April 19, 2019
By: Tara Tedrow
The battle over whether medical marijuana can be smoked by qualified patients came to an end on March 18th, 2019, when Governor DeSantis signed SB 182 into law. Effective immediately, these regulations add marijuana flower to the list of available products for patients statewide. But patients beware- these new rules are narrowly crafted and don’t give you carte blanche for convenient use. Here are the top takeaways on the new smoking regulations:
- Vape, e-cigarette and convenience stores will be servicing medical patients who are recommended smokable marijuana. Delivery devices intended for the smoking of medical marijuana, such as rolling papers and bongs, can now be bought inside and outside of licensed medical marijuana treatment center (“MMTC”) dispensaries.
- If you want a prerolled marijuana cigarette from a licensed MMTC, that wrapping paper cannot be made with tobacco or hemp. While I can certainly understand not using tobacco, the hemp restriction is yet another puzzling legislative add-on.
- Patients cannot tote around an unlimited supply of product. There is a 4-ounce possession limit of marijuana in a form for smoking.

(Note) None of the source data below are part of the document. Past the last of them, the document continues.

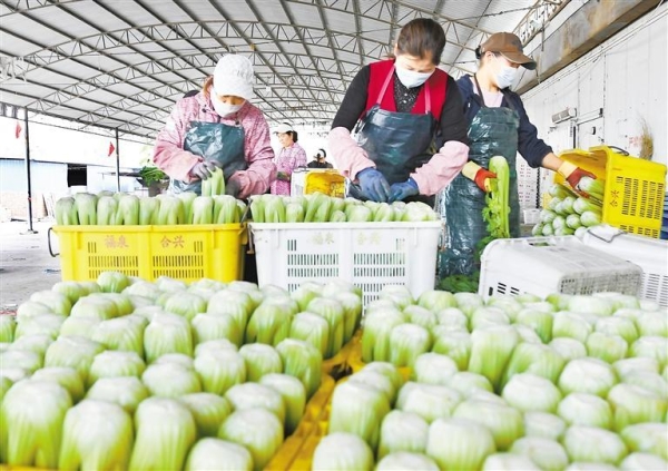 在甘州区上秦镇万亩蔬菜种植基地,菜农采收蔬菜。(通讯员王将)
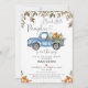 Caminhão de Pumpkin Azul Laranja com Chá de fraldas Cardíaco Convite à queda Doces rapazes Convite ao chá de fraldas com um caminhão azul, várias abóboras, alguma adorável folhagem verde, castanha e um coração alaranjado. O convite para chá de fraldas de carrinho de abóbora deste garoto também apresenta textura falsa de ouro brilhante e é ideal para o chá de fraldas do garoto temático do outono.
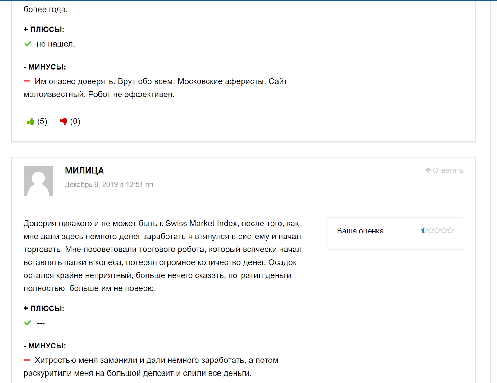 - многочисленные негативные отзывы от клиентов, которые столкнулись с проблемами в работе с Swiss Markets;
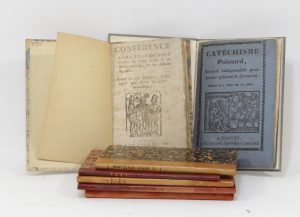• Nouveau catéchisme poissard, Recueil indispensable pour passer gaîment le carnaval. Dédié aux amis de la joie. Troyes, Baudot, s. d., couverture bleue imprimée et ornée d’une vignette conservée.

- The door is not wide open for younger patients. A qualified physician may not issue a physician certification for marijuana in a form for smoking to a patient under 18 years of age unless:
- the patient is diagnosed with a terminal condition,
- the qualified physician determines that smoking is the most effective route of administration for the patient, and
- a second physician who is a board-certified pediatrician concurs with such determination.
- You cannot use your medicine anywhere you want. The following constraints are placed on patients, as medical marijuana cannot be used:
- On any form of public transportation, except for low-THC marijuana not in a form for smoking.
- In any public place, except for low-THC marijuana not in a form for smoking.
- In a qualified patient’s place of employment, except when permitted by his or her employer.
- In a state or county correctional institution.
- On the grounds of a preschool, primary school, or secondary school, except as provided in Florida Statutes Section 1006.062.
- In a school bus, a vehicle, an aircraft, or a motorboat, except for low-THC marijuana not in a form for smoking.
- In an enclosed indoor workplace.
The regulations continue to pile up for patients, but the intended goal of public safety and patient protections remain the same. The sales of medical marijuana products over the past two years have continued to grow- over 212,000,000 mgs sold in 2017 and 1,400,000,000 mgs in 2018. Though regulations remain robust for smokable product, there is no doubt that this new line of medicine will be a big hit with patients.